Fanny and Nelson Grande, both actors and producers, saw a need for independent filmmakers struggling through the difficult and sometimes demoralizing process of funding a project, filming it and getting distribution. Their shingle, Avenida, gets in on the ground floor, offering clients guidance in crowdfunding and its management, pre-production, production and post, distribution and marketing, and focuses on Latino, women and LGBTQ-plus creators, underrepresented voices that they advocate for with a lot of energy and enthusiasm.

Now, Avenida offers studio space an affordable rate to indies. With 7,000 sq.-ft., the space on Beverly Boulevard near Echo Park in Los Angeles — about an eight- to 10-minute drive to downtown L.A. —  is being built out with a green screen, hospital set, an apartment, a jail cell, building facades, a flexible screening space that can seat up to 50-100, plus an airplane fuselage and elevator bank — sets that can be priced out of range for indie creators.

Avenida also includes an airy costume and makeup room with specialty lighting and loads of natural light, a greenroom, a meeting room and a kitchen; ADR and post production suites are in the works. There’s mesh network Wi-Fi throughout the entire studio.

“So what we’re doing, taking a true stand for independent filmmakers is really providing them with all of the resources they need to successfully shoot their projects,” Nelson says.

The common areas are inspired by the couple’s experience at WeWork facilties: bright, open and comfortable to encourage idea swapping. Plus, the neighborhood is packed with fantastic little restaurants. The space is also decorated with work from local Latino artists.

“We want people to feel like, ‘OK, I have all the comforts and everything I need,’ ” Fanny says. “You don’t get the scraps, the leftovers—everything that they really need to feel inspired,” adds Nelson.

Producers can rent out the entire first floor of the facility, and filmmakers can also apply to Avenida to help take their projects from an idea to distribution. The Grandes aim to empower emerging voices.

“A lot of [other] places are like $5,000 and above for a day, which is a 12-hour block. We’ll be working with numbers under that because we want to get people in here, but also, again, we’re doing this for independent filmmakers.
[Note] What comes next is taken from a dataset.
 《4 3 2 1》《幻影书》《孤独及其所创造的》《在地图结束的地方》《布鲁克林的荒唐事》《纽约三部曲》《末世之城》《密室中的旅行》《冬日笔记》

We don’t want to be out of reach,” he says. “We’re not going to be the cheapest because you get a lot here, but we are going to be affordable and competitive.”
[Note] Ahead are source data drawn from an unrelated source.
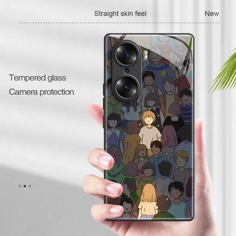 Funda de teléfono con marco de silicona cuadrado para Huawei Honor 60 pro SE Honor60 60Pro 60SE, cubierta protectora de borde recto de vidrio templado de lujo
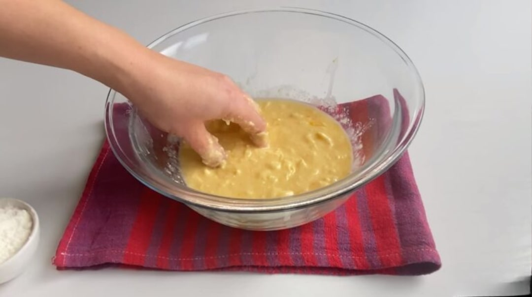 Üzerine azar azar un, kabartma tozu ve vanilya ekleyerek yumuşak bir hamur yoğuralım. Hamurun üzerini kapatıp buzdolabında dinlenmeye bırakalım.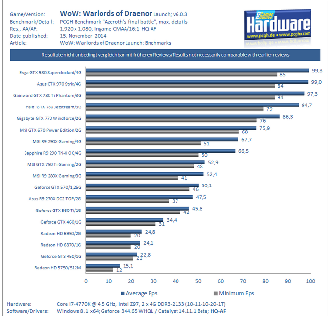 Klar ist die 970 besser, aber kostet auch nochmal 50% mehr(du bekommst momentan einfach fast keine 970 für 300€ eher 340). Wenn es nur um WoW geht würde also die 770 locker reichen, auch wenn sie sich natürlich in anderen Spielen der 290 etc. geschlagen geben muss. Daher ja meine Frage wie wichtig WoW ist.

“We are working with filmmakers, mostly from underrepresented communities that haven’t had access to college, to the
resources [that others have],” Fanny says.

Avenida is getting ready to launch its own crowdfunding platform soon.

So along with the new space for productions, the couple are digging into the community. Highland Park native Nelson remembers what it was like to have productions film in his neighborhood, and the couple are very much committed to the “see it to be it” school of thought. Avenida has an internship program and hosts various workshops, while also reaching out to Los Angeles city councilman Mitch O’Farrell about education programs revolving around content creation and below-the-line training for local students.

“We want to put our roots in the neighborhood and start programs with the local schools and start teaching the youngsters about a career in the industry,” Nelson says.

They run Avenida with the goal to transform the entertainment industry from within for Black, brown, Indigenous and LGBTQ+ creatives. “Best thing to do. You empower yourself. You’re not waiting for someone to give you a role. You can show them. This is what you can do,” Fanny says.

Fanny and Nelson are also exploring studio spaces in Atlanta and San Antonio.

“Just a funny thing on the wordplay on Avenida. Avenida means avenue in Spanish. And for us, we’ve just had to take all this new avenue into Hollywood. To create your own avenue,” Nelson says.